I am in England. And it is wonderful here, but I feel the Czech Republic beginning to creep into my thoughts. Perhaps it is because I know I will going back on Tuesday and I am getting ready. But I doubt it. I rather think of Czecho as ringworm. It gets under my skin and keeps spreading, just like the alien in that Doctor Who episode which I watched from behind my parent's sofa. If that sounds unfair (and it is) of all the similes I could use for Czecho I think a fungus is most appropriate.

How does it get under my skin? Well I get the urge to read fairy stories and poetry and I dream about the house. I get the urge to walk in woods, to sniff the air and smell pine resin, leaf loam and that mushroomy smell. And so yesterday I went up into the woods and walked. In the morning I was British enjoying the May sunshine and the sea of bluebells, in late afternoon I returned together with basket. This I filled with St George's mushrooms, which were nearly as abundant as the bluebells and seemed to like the same conditions. Now, in Czecho I doubt I would ever go out in mushroom season (which is after all most of the year) without a basket and mushroom knife. I will be back to get my fix of Czechness very soon.

Monday 22 October 2007

And Gathering


In my last post I talked about the Czechs as a nation of hunters and in previous posts I have talked about the Czech obsession with gathering mushrooms. In both cases they are very unlike us Brits. For the Czechs hunting is something done by all classes, unlike the British class-ridden approach. Whilst for mushrooming the contrast is even starker - going mushrooming in the Czech Republic is something that starts young, in Britain it doesn't start at all, unless you are unusual. A Czech child will take their little basket and go with their mum or granny into the forest and learn what to pick and what not. My mother, like most Brits, regarded all mushrooms with suspicion unless they were field mushrooms and I was told very clearly never to pick any fungi - they were dangerous. Now unusually I do collect mushrooms. Thanks to the instruction of my Czech friend I now recognise, collect and most importantly eat over 20 types of fungus.

A year ago I had an experience which sums up the differences perfectly. I was in the Forest of Dean collecting mushrooms - being late in the year I was on the look out for the purple Wood Blewits.

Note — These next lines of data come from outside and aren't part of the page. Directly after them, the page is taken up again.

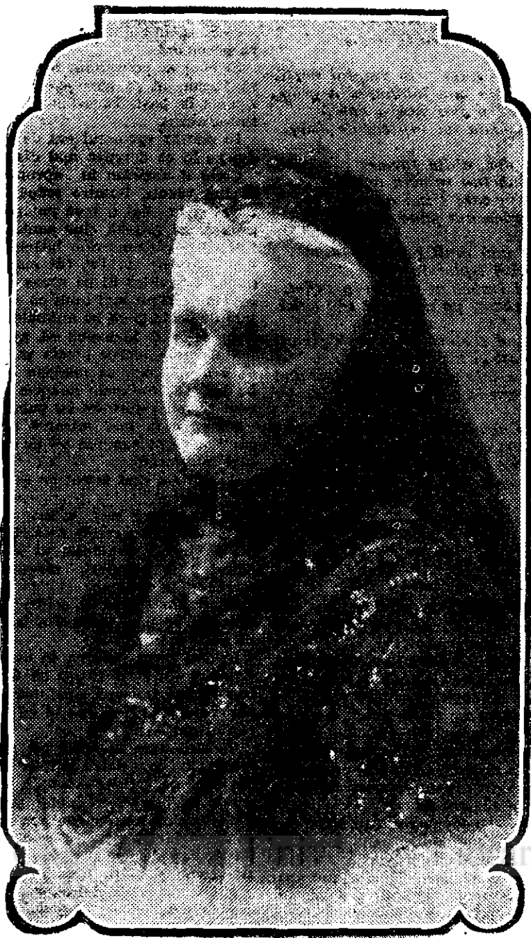
M. S. REGINA ELISAVETA care a implinit la 16 Decembrie cor. 68 de ani.

rașul desfrăului și al luxului nebun, precum și al mizeriei întunecate.
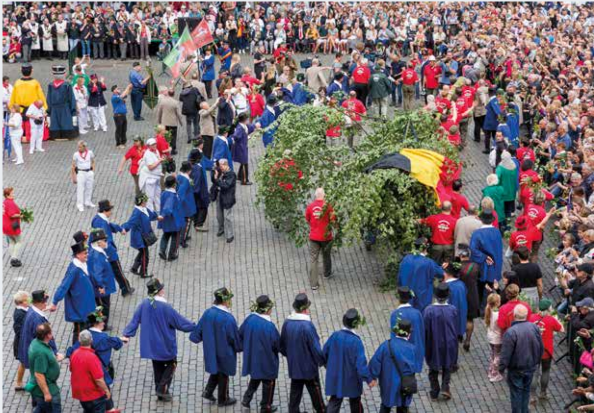
Meyboomstoet – 9 augustus 2017. Al sinds de Franse Revolutie reconstrueert deze stoet elk jaar, in de maand augustus, het privilege dat eind 13de eeuw aan de Brusselaars zou zijn verleend om een meiboom (ereboom) te planten ter ere van de patroonheilige van het Kruisboogschuttersgilde van Sint-Laurentius.

beschermd die speciaal door Joseph Hoffmann en de ateliers van de Wiener Werkstätte ontworpen werden voor dit 'paleisinterieur', maar ook aan de gemeentehuizen waar zich vaak schilderijen bevinden uitgevoerd door plaatselijke kunstenaars 12 , en uiteraard ook aan de kerken met hun meubilair en liturgische objecten die meestal verband houden met de parochie.
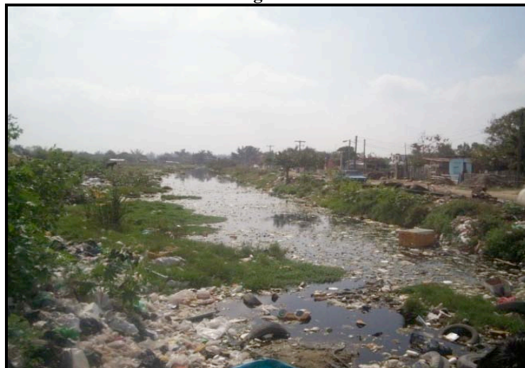
Imagen 7. Colonia Integración familiar
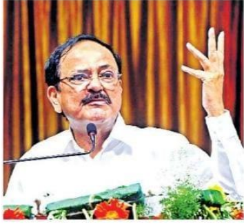
మాట్లాడుతున్న వెంకయ్య నాయుడు

విజయవాడ కల్చరల్, ఆగస్టు 22 : తెలుగు వారికి ప్రాతఃస్మరణీయుడు ఆదికవి నన్నయ్య అని మాజీ ఉపరాష్ట్రపతి వెంకయ్య నాయుడు అన్నారు. తెలుగు పద్యంలో నన్నయ్య గద్యంలో చిన్నయ్య తెలుగు జాతికి స్ఫూర్తి ప్రదాతలన్నారు. ఆంధ్ర మహాభారత సహస్రాబ్ది మహోత్సవాన్ని పురస్కరించు
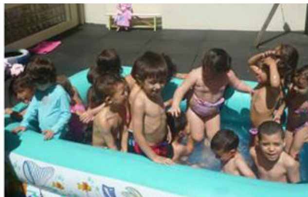
Dia de convívio e diversão no Infantário da Benéfica e Previdente

A Associação Benéfica e Previdente - Associação Mutualista assinalou o dia, no Infantário Flor de Abril, com pinturas, plasticinas comestíveis e banhos de piscina, que fizeram as alegrias dos meninos e meninas.
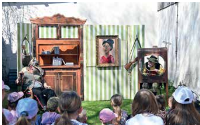
Vyprávění starého vlka
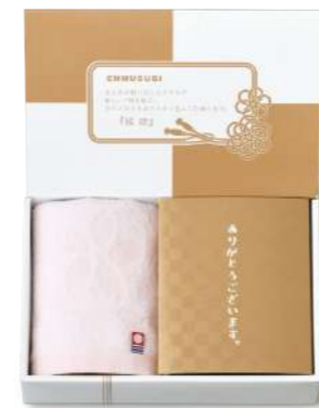
ET-02 縁起の品&今治タオル(なごみ桜)

1,000yen [税込1,080yen] *ウオッシュタオル / 1枚(約34×30cm) *かつお節 / 5袋(3g) *鯛茶漬 / 1袋(6g) [小麦・乳] *かつおふりかけ / 2袋(3.5g) [小麦・乳] *のりたまごふりかけ / 2袋(3.5g) [小麦・卵・乳] *box size / (約)22.8×15.1×h5.8cm *賞味期限 / 365日

I was rummaging about in the undergrowth beside a track, when a group passed by close enough for me to hear their conversation. "What is she doing?" "Looking for something, I think." and so on. I carried on and collected a reasonable trawl of purple treasures (blewits are one of my favourite mushrooms).

After a while the group came back, and again the speculation started as to what I was doing - something that would never happen in the Czech Republic as everyone would know what I was up to. For one woman in the group curiousity got the better of her and she broke away from the group and joined me. "What are you looking for?" she asked.

"Mushrooms" I replied, "Would you like to see them." I opened the bag and she looked in. She looked back at me askance. "It's all right," I assured her "They are quite edible."

"Well I hope you know what you are doing, otherwise you won't be around to do it again." She said. I assured her that I did. And she returned to her group and went her way.

When I tell this story to my Czech friends they are amazed that the British should ever be surprised at someone mushrooming, and even more so by the fear of mushrooms that she betrays. Then I tell them about her group - it was made up of a man riding a camel, and three people leading llamas. Of course to a Brit such eccentricity is taken without batting an eyelid, indeed she and her fellows regarded me as the weird one. To my Czech audience this stretches the credulity to breaking point - those Brits are weird.